* Input data
Segment Open
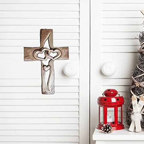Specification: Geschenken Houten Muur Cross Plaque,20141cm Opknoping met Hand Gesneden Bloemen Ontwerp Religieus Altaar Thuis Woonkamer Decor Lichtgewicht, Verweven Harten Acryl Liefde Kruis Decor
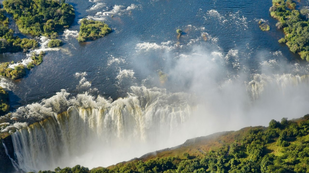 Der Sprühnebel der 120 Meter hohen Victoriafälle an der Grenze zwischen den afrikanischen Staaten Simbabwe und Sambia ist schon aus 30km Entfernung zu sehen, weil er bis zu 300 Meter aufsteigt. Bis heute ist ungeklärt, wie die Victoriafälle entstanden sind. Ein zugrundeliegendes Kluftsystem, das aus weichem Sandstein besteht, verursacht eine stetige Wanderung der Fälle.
Segment Closed
Segment Open
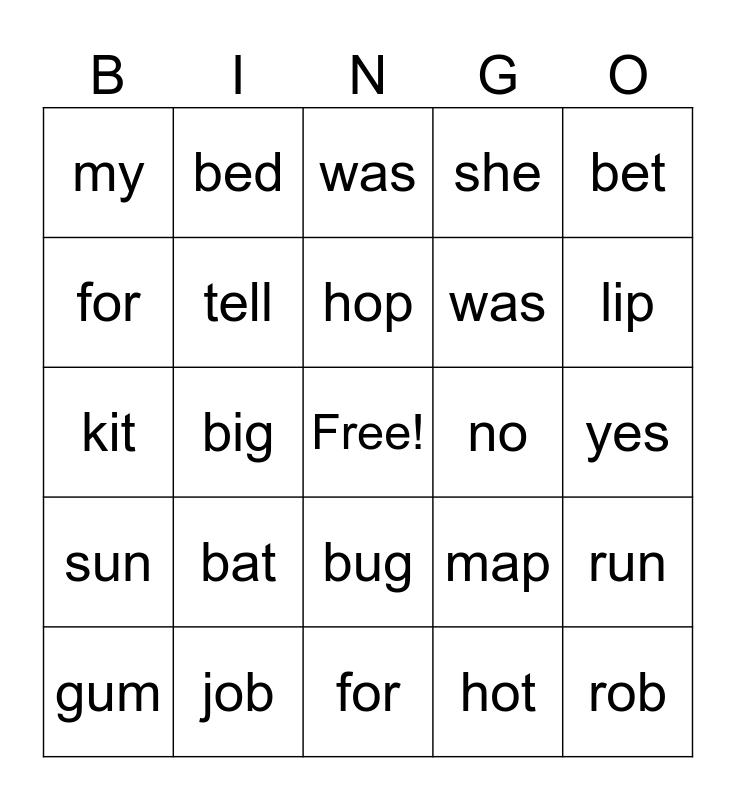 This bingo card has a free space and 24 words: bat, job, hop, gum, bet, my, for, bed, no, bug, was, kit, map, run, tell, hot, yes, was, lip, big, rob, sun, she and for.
Segment Closed
Segment Open
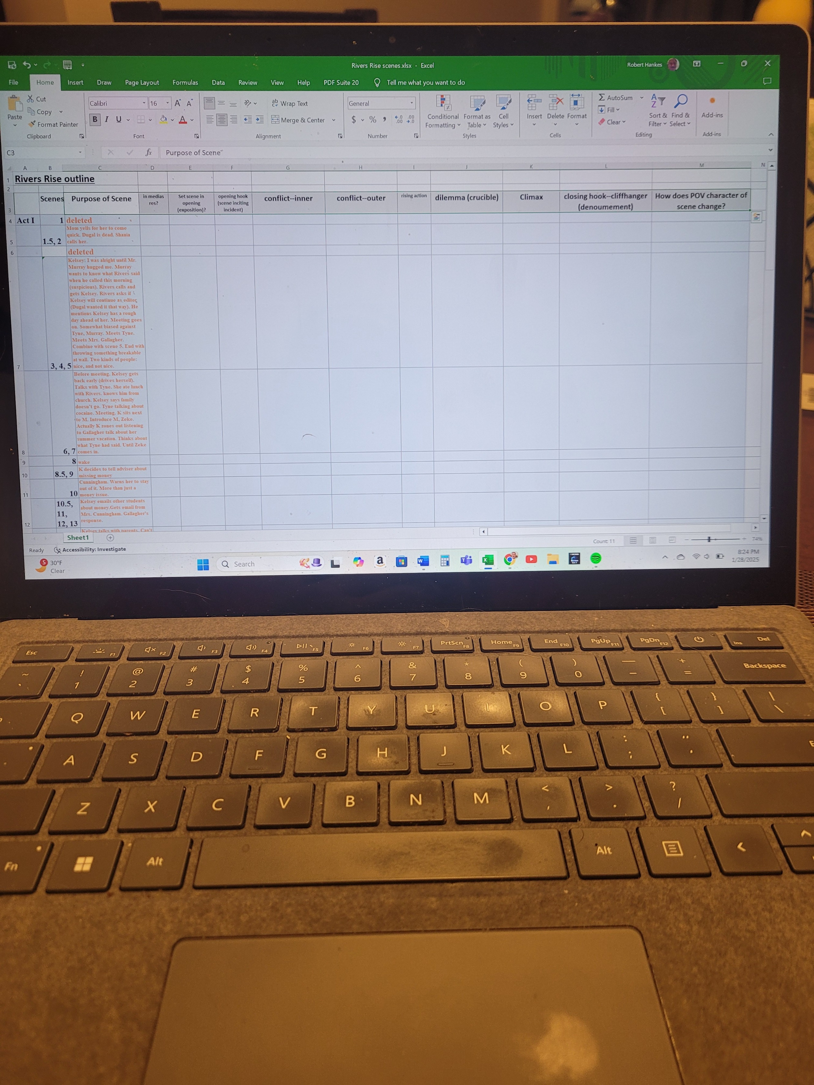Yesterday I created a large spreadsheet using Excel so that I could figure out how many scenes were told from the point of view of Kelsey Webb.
Segment Closed
* Exercise prompt
Pictures in the material above should be skipped; print exactly the lines from the one with "Specification: Geschenken Houten" through the one with "Der Sprühnebel der".

* Solved exercise
Specification: Geschenken Houten Muur Cross Plaque,20141cm Opknoping met Hand Gesneden Bloemen Ontwerp Religieus Altaar Thuis Woonkamer Decor Lichtgewicht, Verweven Harten Acryl Liefde Kruis Decor
 Der Sprühnebel der 120 Meter hohen Victoriafälle an der Grenze zwischen den afrikanischen Staaten Simbabwe und Sambia ist schon aus 30km Entfernung zu sehen, weil er bis zu 300 Meter aufsteigt. Bis heute ist ungeklärt, wie die Victoriafälle entstanden sind. Ein zugrundeliegendes Kluftsystem, das aus weichem Sandstein besteht, verursacht eine stetige Wanderung der Fälle.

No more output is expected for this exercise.